_AIM OF THE EXERCISE_.
Every line below must come back exactly as it stands, with the images omitted.

_DATASET SECTION_.
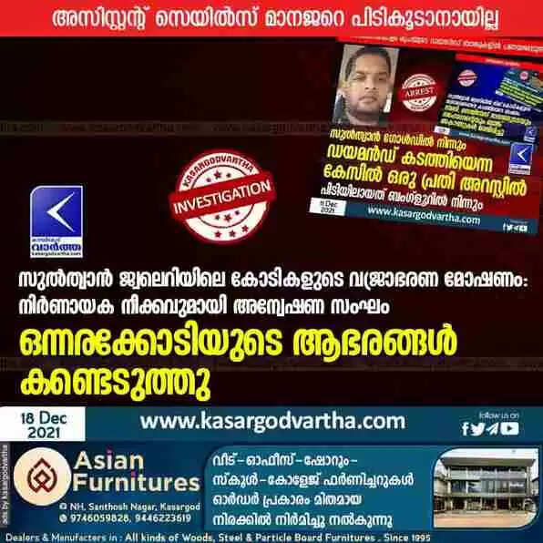 സുൽത്വാൻ ജ്വലെറിയിലെ കോടികളുടെ വജ്രാഭരണ മോഷണം; നിർണായക നീക്കവുമായി അന്വേഷണ സംഘം; ഒന്നരക്കോടിയുടെ ആഭരങ്ങൾ കണ്ടെടുത്തു; അസിസ്റ്റന്റ് സെയിൽസ് മാനജറെ പിടികൂടാനായില്ല
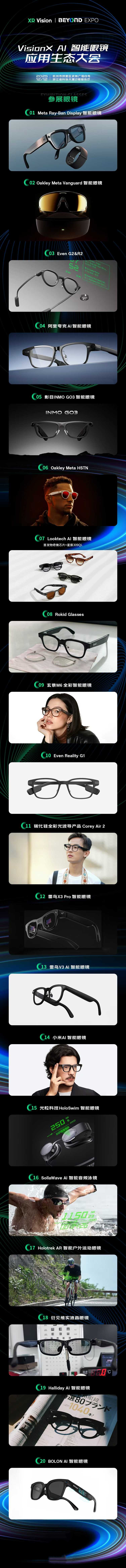 体验设备:Meta Rayban Display、影目GO3智能眼镜、Halliday、Corey Air 2(拟邀请)、Oakley Meta Vanguard、夸克AI智能眼镜(待定)、魅族StarV Snap、微光科技玄景M6智能眼镜、形意智能AR99(待定)、Rokid Glasses、Looktech AI智能眼镜、大朋AI智能眼镜、雷鸟X3 Pro智能眼镜、逸文科技G1智能眼镜、逸文科技G2&R2
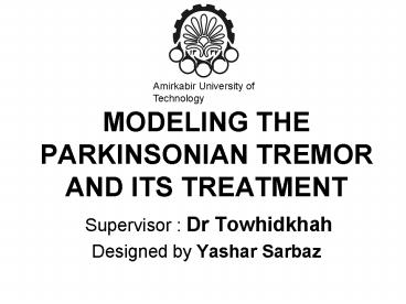 Title: MODELING THE PARKINSONIAN TREMOR AND ITS TREATMENT

_TASK ANSWER_.
 സുൽത്വാൻ ജ്വലെറിയിലെ കോടികളുടെ വജ്രാഭരണ മോഷണം; നിർണായക നീക്കവുമായി അന്വേഷണ സംഘം; ഒന്നരക്കോടിയുടെ ആഭരങ്ങൾ കണ്ടെടുത്തു; അസിസ്റ്റന്റ് സെയിൽസ് മാനജറെ പിടികൂടാനായില്ല
 体验设备:Meta Rayban Display、影目GO3智能眼镜、Halliday、Corey Air 2(拟邀请)、Oakley Meta Vanguard、夸克AI智能眼镜(待定)、魅族StarV Snap、微光科技玄景M6智能眼镜、形意智能AR99(待定)、Rokid Glasses、Looktech AI智能眼镜、大朋AI智能眼镜、雷鸟X3 Pro智能眼镜、逸文科技G1智能眼镜、逸文科技G2&R2
 Title: MODELING THE PARKINSONIAN TREMOR AND ITS TREATMENT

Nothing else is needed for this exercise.